Tuesday, February 24, 2009


At one point in the book Laila and her daughter Aziza were separated. Because of the stresses in her life, Aziza began to stutter. Aziza did not talk about the difficulties of her life, but preferred to talk about other things she was learning. She talked at length about the subjects she was being schooled on and at one point was talking about something similar to earthquakes. Basically, Aziza was saying that when we feel tremors on the earth there is usually a lot more going on underneath the surface. This is quite an analogy coming from this fabulous author (pgs 324,325,327):

"Aziza stammered now. Mariam noticed it first. It was subtle but perceptible, and more pronounced with words that began with t...

(Laila) thought of Aziza's stutter, and of what Aziza had said earlier about fractures and powerful collisions deep down and how sometimes all we see on the surface is a slight tremor."

This situation reminds me that, as mothers, we have to be constantly aware of what is going on with our children. They are so precious and delicate and have been given to us to care for in this life. What a responsibility! We need to be on the lookout for the "tremors" that come up in their lives and try to be aware of situations that are causing them discomfort or stress. It is sometimes difficult to find the root of a problem, but I am often amazed at the simplicity of the root when I find it. I'm not saying my children have simple problems, especially not in their eyes, I'm just saying that at age 4 and 10 they don't have as much baggage to draw from and therefore are not as complicated as adults are. I love that Kyra's teacher is so very in tune with some of the things going on in her life and that she is usually aware of a situation if I bring it up. This has been true of 4 of her 7 teachers thus far in her schooling and I feel very blessed to have such caring educators on my side. I'm also grateful that Bill is the type of father that can sit down and have a heart to heart with his daughters without it being weird. I adore him for this quality and know that his daughters will go to him for comfort when they need it.

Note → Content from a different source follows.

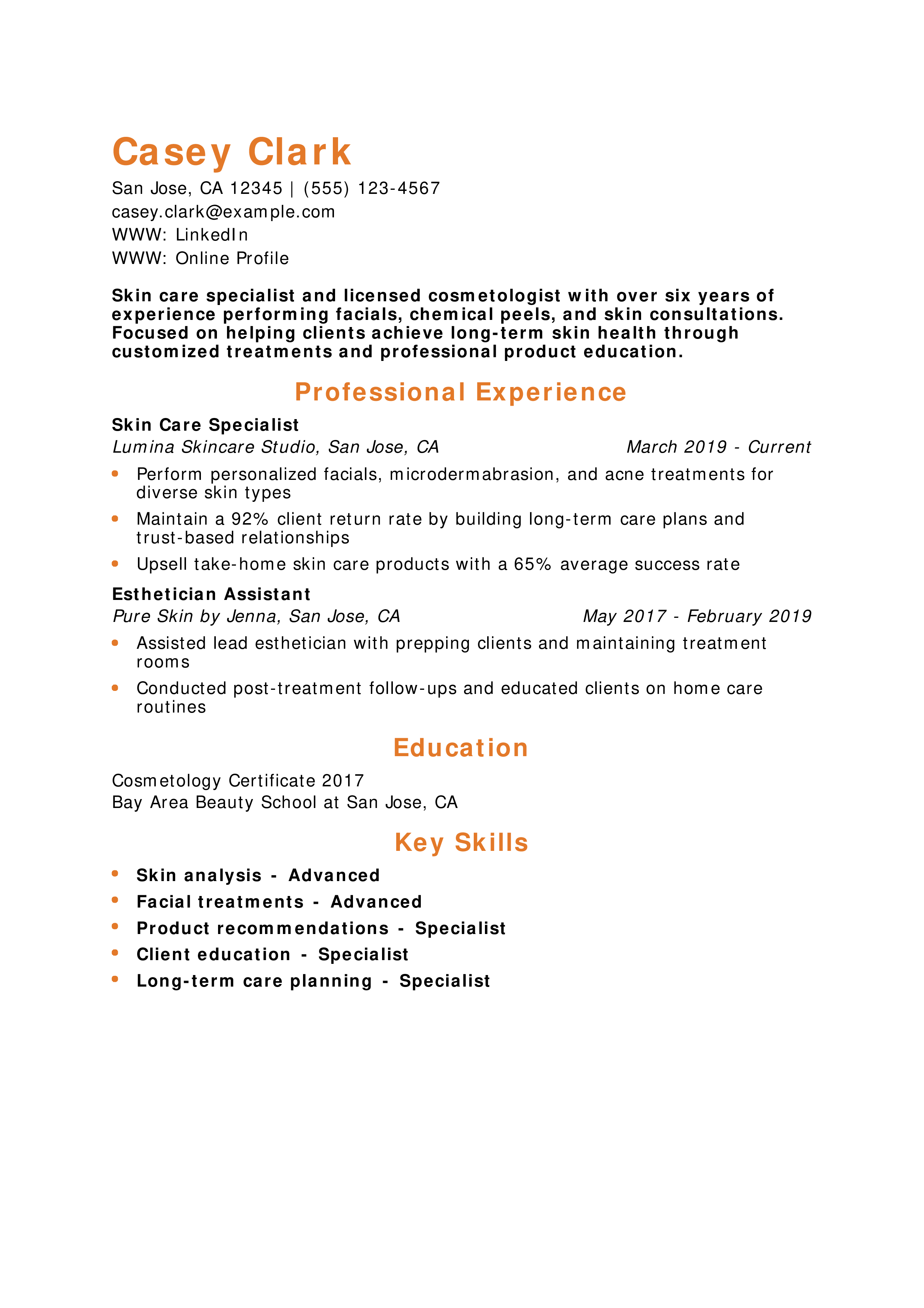 This resume emphasizes client care and measurable success in building loyalty and product sales. It shows how consistent, personalized treatments lead to lasting results. For more on showcasing specialty experience, explore how to list certifications on a resume.

I'm not the most thoughtful, sensitive, and talkative mom at all times. I think this is a reflection of how I was raised and how my mom was raised. I don't remember any touchy-feely moments with my grandmother at all, she was all business. I loved her for all she did and taught me and she was always busy. My mom is super sensitive and emotional and that always bugged me as a child, and young adult. Maybe I overcompensate to not be like my mom, maybe I am just genetically built to be like my grandmother, I don't know. I am trying to find a happy sensitive medium though. I know my limitations, when I have no compassion for a situation, and I try to let my family know that the subject is something to discuss later and really do try to get back to it when I can look at it objectively and sympathetically. If I don't do that I end up saying something like, "get over it" or simply insinuating that their feelings are an overreaction. I always feel bad about this and end up apologizing, but that doesn't make up for the lack of empathy they feel from me. I guess I'm a work in progress.